Action item ::
From the first line of the data below through the line bearing "চট্টগ্রামের সাতকানিয়ায় বাংলাদেশ", reproduce each line exactly; do not include pictures.

Given records ::
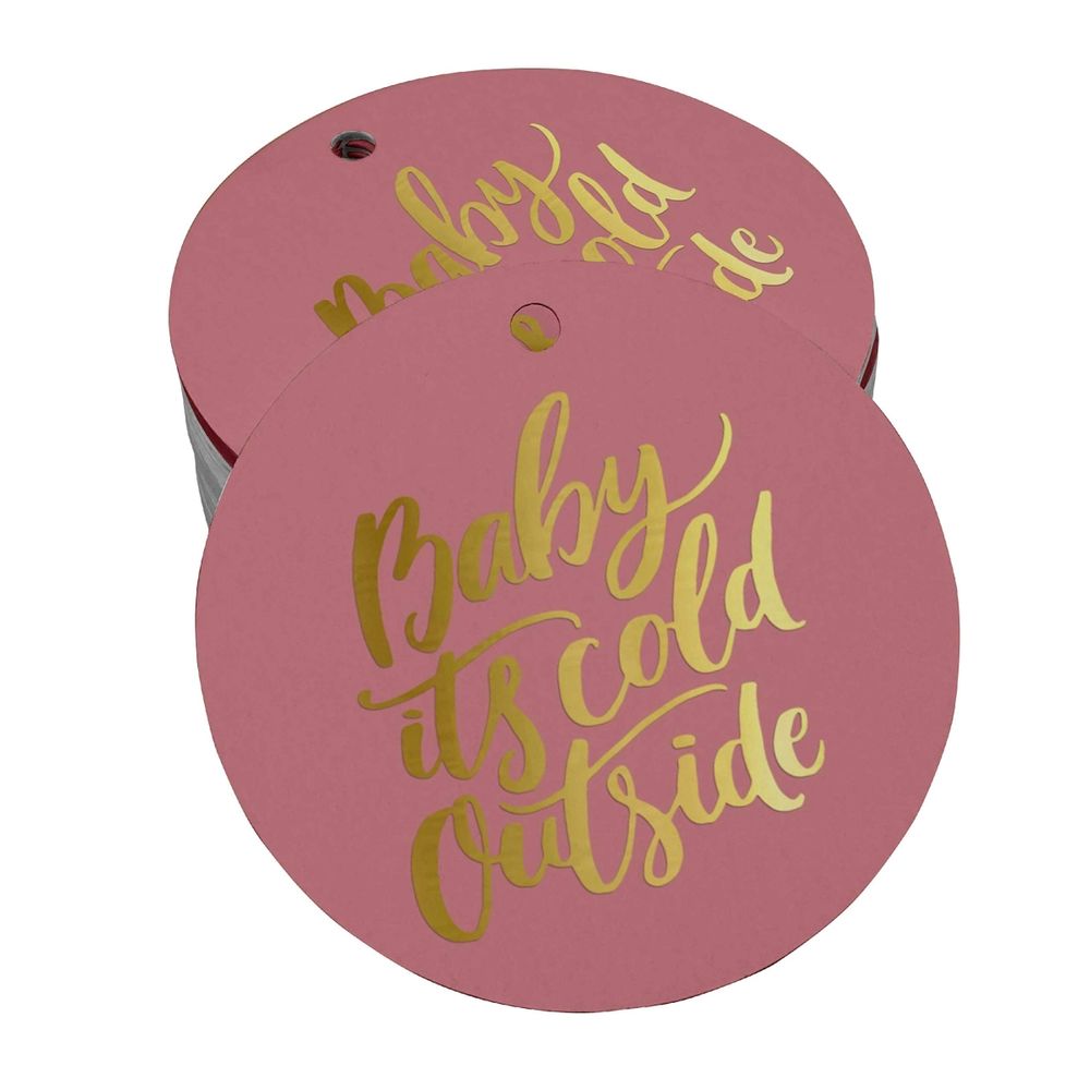 Etiquetas para Garrafa 'Baby It's Cold Outside' Chá de Bebê, Metalizadas para Lembrancinha, para Pendurar - Inkdotpot 50 Etiquetas Metalizadas / Rosa - Dourado
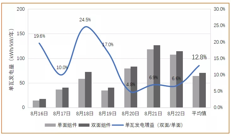 如前文分析,根據(jù)首年仿真結(jié)果,雙面組件比單面組件多發(fā)電0.7%左右,疊加衰減因素,年均多發(fā)電2%。
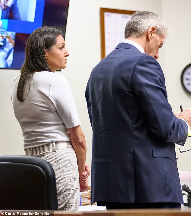 Dressed in a modest white ensemble, the teacher appeared visibly shaken, her hands trembling slightly as her attorney, John W.
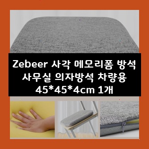 Zebeer 사각 메모리폼 방석 사무실 의자방석 차량용 45*45*4cm 1개
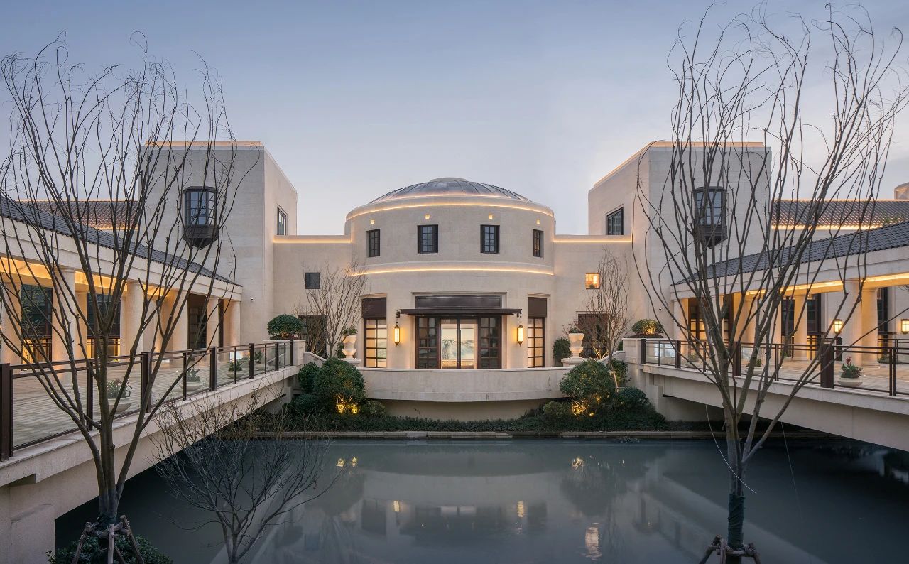 此时,空间的路径开始戏剧性地形成回路,访客可以继续前行抵达样板房,也可通过跨水长廊,深入社区地形,体验临水栈道的江南韵味。
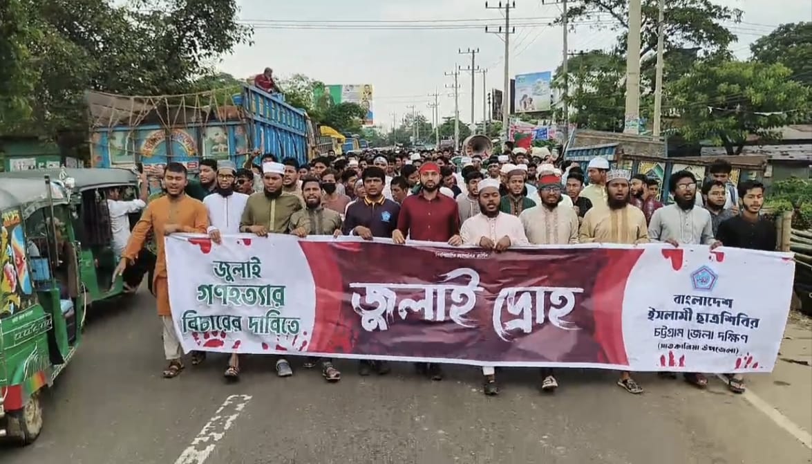 চট্টগ্রামের সাতকানিয়ায় বাংলাদেশ ইসলামী ছাত্রশিবিরের চট্টগ্রাম দক্ষিণ জেলা শাখার উদ্যোগে শুক্রবার (১ আগস্ট) “জুলাই দ্রোহ মিছিল” অনুষ্ঠিত হয়েছে। মিছিলে অংশ নেয় শত শত কর্মী ও সমর্থক।
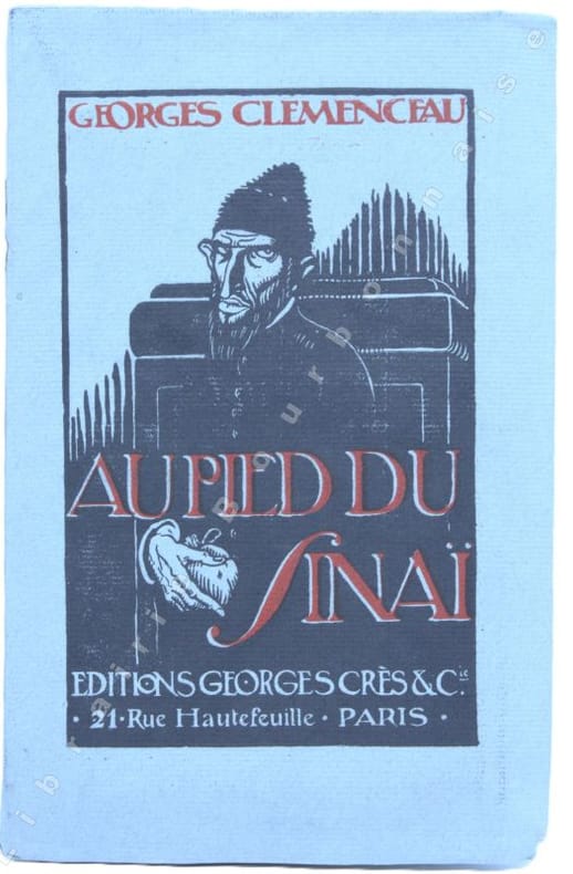 Paris. H. Floury 1898 107 pp. In-4. Broché. Bel état. 1 volume. ÉDITION ORIGINALE du recueil des six contes de Clémenceau réunis sous le titre Au pied du Sinaï. Tirage limité à 380 exemplaires. Le nôtre non numéroté sur vélin d'Arches, avec une suite sur Chine des 10 planches.Très belle édition de ce livre de deux figures monumentales des années 1890, paru en pleine affaire Dreyfus, quelques mois seulement après la lettre de Zola dans L'Aurore. De nombreux textes d'aspect caricatural par le dreyfusard Clémenceau superbement illustré par l'anti-dreyfusard Toulouse-Lautrec.Un superbe travail d'illustration pour un témoignage cristallisant une époque.
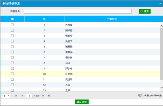 6.进入新增评标专家页面,输入专家名称进行搜索,勾选相应的专家,点击确定选择。
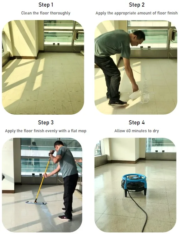 (1) Clean the floor and remove the wax with stripper - NS2 wax stripper is recommended. (2) After wetting and washing, use water to make sure there is no residue of wax remover. (3) Apply the Shock-Free Antistatic Floor Finish with flat mop. (4) Allow 1 to 2 hours to dry. The second layer can be applied in a completely dry place. (5) The waxed floor needs to be grounded to dissipate electrostatic swiftly.
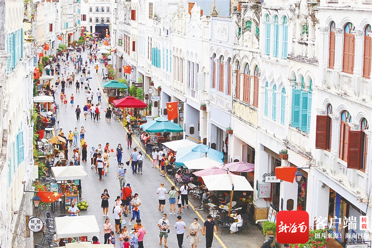 10月1日,市民游客“打卡”海口中山路騎樓老街。海南日報記者 張茂 攝

Finished exercise ::
 Etiquetas para Garrafa 'Baby It's Cold Outside' Chá de Bebê, Metalizadas para Lembrancinha, para Pendurar - Inkdotpot 50 Etiquetas Metalizadas / Rosa - Dourado
 如前文分析,根據(jù)首年仿真結(jié)果,雙面組件比單面組件多發(fā)電0.7%左右,疊加衰減因素,年均多發(fā)電2%。
 Dressed in a modest white ensemble, the teacher appeared visibly shaken, her hands trembling slightly as her attorney, John W.
 Zebeer 사각 메모리폼 방석 사무실 의자방석 차량용 45*45*4cm 1개
 此时,空间的路径开始戏剧性地形成回路,访客可以继续前行抵达样板房,也可通过跨水长廊,深入社区地形,体验临水栈道的江南韵味。
 চট্টগ্রামের সাতকানিয়ায় বাংলাদেশ ইসলামী ছাত্রশিবিরের চট্টগ্রাম দক্ষিণ জেলা শাখার উদ্যোগে শুক্রবার (১ আগস্ট) “জুলাই দ্রোহ মিছিল” অনুষ্ঠিত হয়েছে। মিছিলে অংশ নেয় শত শত কর্মী ও সমর্থক।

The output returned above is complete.